Data to examine:
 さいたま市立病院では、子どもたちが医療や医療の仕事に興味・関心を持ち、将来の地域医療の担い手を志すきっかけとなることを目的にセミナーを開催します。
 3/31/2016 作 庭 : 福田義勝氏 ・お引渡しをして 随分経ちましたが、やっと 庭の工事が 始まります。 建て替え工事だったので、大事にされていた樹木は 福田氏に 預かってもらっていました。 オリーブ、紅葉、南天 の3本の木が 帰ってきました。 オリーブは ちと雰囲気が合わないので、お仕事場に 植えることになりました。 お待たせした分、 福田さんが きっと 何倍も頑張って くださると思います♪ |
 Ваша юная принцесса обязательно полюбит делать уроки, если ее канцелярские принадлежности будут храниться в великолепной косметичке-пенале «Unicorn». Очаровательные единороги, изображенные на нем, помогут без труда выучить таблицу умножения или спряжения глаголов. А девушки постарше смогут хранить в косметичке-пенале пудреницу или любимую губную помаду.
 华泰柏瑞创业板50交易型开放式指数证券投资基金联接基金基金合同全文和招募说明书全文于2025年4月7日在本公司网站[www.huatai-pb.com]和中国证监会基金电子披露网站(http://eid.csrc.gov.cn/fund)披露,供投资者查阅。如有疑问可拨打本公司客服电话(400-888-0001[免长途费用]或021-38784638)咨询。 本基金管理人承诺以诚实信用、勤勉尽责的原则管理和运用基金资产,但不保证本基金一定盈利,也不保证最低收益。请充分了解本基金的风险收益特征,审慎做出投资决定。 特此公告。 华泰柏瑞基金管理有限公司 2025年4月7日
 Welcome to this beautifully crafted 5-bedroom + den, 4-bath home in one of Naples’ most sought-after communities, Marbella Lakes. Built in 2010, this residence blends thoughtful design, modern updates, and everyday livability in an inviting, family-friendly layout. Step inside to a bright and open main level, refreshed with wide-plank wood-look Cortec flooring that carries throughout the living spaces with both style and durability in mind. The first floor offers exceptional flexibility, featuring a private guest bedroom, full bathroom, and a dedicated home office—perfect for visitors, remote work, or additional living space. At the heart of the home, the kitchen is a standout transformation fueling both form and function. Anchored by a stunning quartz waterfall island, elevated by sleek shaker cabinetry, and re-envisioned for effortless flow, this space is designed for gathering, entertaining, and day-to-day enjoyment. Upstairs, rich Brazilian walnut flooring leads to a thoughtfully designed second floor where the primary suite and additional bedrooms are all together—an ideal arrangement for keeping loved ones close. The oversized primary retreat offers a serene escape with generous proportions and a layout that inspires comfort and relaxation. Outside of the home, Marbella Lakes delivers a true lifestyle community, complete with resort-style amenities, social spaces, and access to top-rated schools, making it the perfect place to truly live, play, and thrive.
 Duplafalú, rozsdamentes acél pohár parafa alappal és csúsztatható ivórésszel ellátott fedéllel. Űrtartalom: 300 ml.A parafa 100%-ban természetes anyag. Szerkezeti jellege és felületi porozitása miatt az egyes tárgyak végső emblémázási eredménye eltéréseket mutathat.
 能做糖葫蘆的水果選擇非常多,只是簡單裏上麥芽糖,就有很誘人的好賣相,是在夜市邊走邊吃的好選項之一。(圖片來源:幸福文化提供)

Goal of the exercise: Transcribe the full listing, word for word.

Written answer:
 さいたま市立病院では、子どもたちが医療や医療の仕事に興味・関心を持ち、将来の地域医療の担い手を志すきっかけとなることを目的にセミナーを開催します。
 3/31/2016 作 庭 : 福田義勝氏 ・お引渡しをして 随分経ちましたが、やっと 庭の工事が 始まります。 建て替え工事だったので、大事にされていた樹木は 福田氏に 預かってもらっていました。 オリーブ、紅葉、南天 の3本の木が 帰ってきました。 オリーブは ちと雰囲気が合わないので、お仕事場に 植えることになりました。 お待たせした分、 福田さんが きっと 何倍も頑張って くださると思います♪ |
 Ваша юная принцесса обязательно полюбит делать уроки, если ее канцелярские принадлежности будут храниться в великолепной косметичке-пенале «Unicorn». Очаровательные единороги, изображенные на нем, помогут без труда выучить таблицу умножения или спряжения глаголов. А девушки постарше смогут хранить в косметичке-пенале пудреницу или любимую губную помаду.
 华泰柏瑞创业板50交易型开放式指数证券投资基金联接基金基金合同全文和招募说明书全文于2025年4月7日在本公司网站[www.huatai-pb.com]和中国证监会基金电子披露网站(http://eid.csrc.gov.cn/fund)披露,供投资者查阅。如有疑问可拨打本公司客服电话(400-888-0001[免长途费用]或021-38784638)咨询。 本基金管理人承诺以诚实信用、勤勉尽责的原则管理和运用基金资产,但不保证本基金一定盈利,也不保证最低收益。请充分了解本基金的风险收益特征,审慎做出投资决定。 特此公告。 华泰柏瑞基金管理有限公司 2025年4月7日
 Welcome to this beautifully crafted 5-bedroom + den, 4-bath home in one of Naples’ most sought-after communities, Marbella Lakes. Built in 2010, this residence blends thoughtful design, modern updates, and everyday livability in an inviting, family-friendly layout. Step inside to a bright and open main level, refreshed with wide-plank wood-look Cortec flooring that carries throughout the living spaces with both style and durability in mind. The first floor offers exceptional flexibility, featuring a private guest bedroom, full bathroom, and a dedicated home office—perfect for visitors, remote work, or additional living space. At the heart of the home, the kitchen is a standout transformation fueling both form and function. Anchored by a stunning quartz waterfall island, elevated by sleek shaker cabinetry, and re-envisioned for effortless flow, this space is designed for gathering, entertaining, and day-to-day enjoyment. Upstairs, rich Brazilian walnut flooring leads to a thoughtfully designed second floor where the primary suite and additional bedrooms are all together—an ideal arrangement for keeping loved ones close. The oversized primary retreat offers a serene escape with generous proportions and a layout that inspires comfort and relaxation. Outside of the home, Marbella Lakes delivers a true lifestyle community, complete with resort-style amenities, social spaces, and access to top-rated schools, making it the perfect place to truly live, play, and thrive.
 Duplafalú, rozsdamentes acél pohár parafa alappal és csúsztatható ivórésszel ellátott fedéllel. Űrtartalom: 300 ml.A parafa 100%-ban természetes anyag. Szerkezeti jellege és felületi porozitása miatt az egyes tárgyak végső emblémázási eredménye eltéréseket mutathat.
 能做糖葫蘆的水果選擇非常多,只是簡單裏上麥芽糖,就有很誘人的好賣相,是在夜市邊走邊吃的好選項之一。(圖片來源:幸福文化提供)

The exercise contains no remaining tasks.